_Problem statement_: Read through the entries below and return each line with the word "times".

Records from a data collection

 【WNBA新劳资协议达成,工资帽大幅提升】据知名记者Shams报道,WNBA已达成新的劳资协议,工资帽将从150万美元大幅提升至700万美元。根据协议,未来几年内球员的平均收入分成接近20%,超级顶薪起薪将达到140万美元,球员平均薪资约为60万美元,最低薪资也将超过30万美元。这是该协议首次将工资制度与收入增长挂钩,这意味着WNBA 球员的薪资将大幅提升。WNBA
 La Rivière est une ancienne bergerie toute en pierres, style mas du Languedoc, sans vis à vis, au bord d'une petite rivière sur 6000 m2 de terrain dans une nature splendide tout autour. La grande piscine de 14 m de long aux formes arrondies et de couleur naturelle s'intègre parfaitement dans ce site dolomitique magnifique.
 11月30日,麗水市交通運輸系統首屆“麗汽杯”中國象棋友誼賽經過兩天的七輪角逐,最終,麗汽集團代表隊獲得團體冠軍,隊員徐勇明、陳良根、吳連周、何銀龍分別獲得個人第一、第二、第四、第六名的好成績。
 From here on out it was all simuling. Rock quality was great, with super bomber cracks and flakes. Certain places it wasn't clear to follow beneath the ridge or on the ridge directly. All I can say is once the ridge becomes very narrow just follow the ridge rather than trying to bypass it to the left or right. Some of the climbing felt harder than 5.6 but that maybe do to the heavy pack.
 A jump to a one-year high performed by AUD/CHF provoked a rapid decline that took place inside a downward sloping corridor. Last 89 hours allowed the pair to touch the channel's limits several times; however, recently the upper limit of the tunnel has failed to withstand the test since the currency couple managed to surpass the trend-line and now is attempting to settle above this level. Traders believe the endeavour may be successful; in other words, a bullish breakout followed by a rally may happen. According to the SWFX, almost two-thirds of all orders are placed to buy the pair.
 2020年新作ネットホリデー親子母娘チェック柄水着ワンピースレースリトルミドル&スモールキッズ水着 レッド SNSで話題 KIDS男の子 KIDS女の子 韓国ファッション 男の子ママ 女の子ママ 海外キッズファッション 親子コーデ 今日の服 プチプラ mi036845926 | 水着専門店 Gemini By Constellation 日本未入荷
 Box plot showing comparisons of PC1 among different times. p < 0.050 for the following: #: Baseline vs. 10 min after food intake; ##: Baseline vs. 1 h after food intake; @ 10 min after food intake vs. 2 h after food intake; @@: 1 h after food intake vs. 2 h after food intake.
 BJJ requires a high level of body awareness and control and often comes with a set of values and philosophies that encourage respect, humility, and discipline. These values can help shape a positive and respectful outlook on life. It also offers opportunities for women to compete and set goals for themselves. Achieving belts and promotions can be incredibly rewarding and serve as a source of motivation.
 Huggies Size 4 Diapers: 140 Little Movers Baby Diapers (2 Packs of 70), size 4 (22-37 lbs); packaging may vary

_Output below_:
 A jump to a one-year high performed by AUD/CHF provoked a rapid decline that took place inside a downward sloping corridor. Last 89 hours allowed the pair to touch the channel's limits several times; however, recently the upper limit of the tunnel has failed to withstand the test since the currency couple managed to surpass the trend-line and now is attempting to settle above this level. Traders believe the endeavour may be successful; in other words, a bullish breakout followed by a rally may happen. According to the SWFX, almost two-thirds of all orders are placed to buy the pair.
 Box plot showing comparisons of PC1 among different times. p < 0.050 for the following: #: Baseline vs. 10 min after food intake; ##: Baseline vs. 1 h after food intake; @ 10 min after food intake vs. 2 h after food intake; @@: 1 h after food intake vs. 2 h after food intake.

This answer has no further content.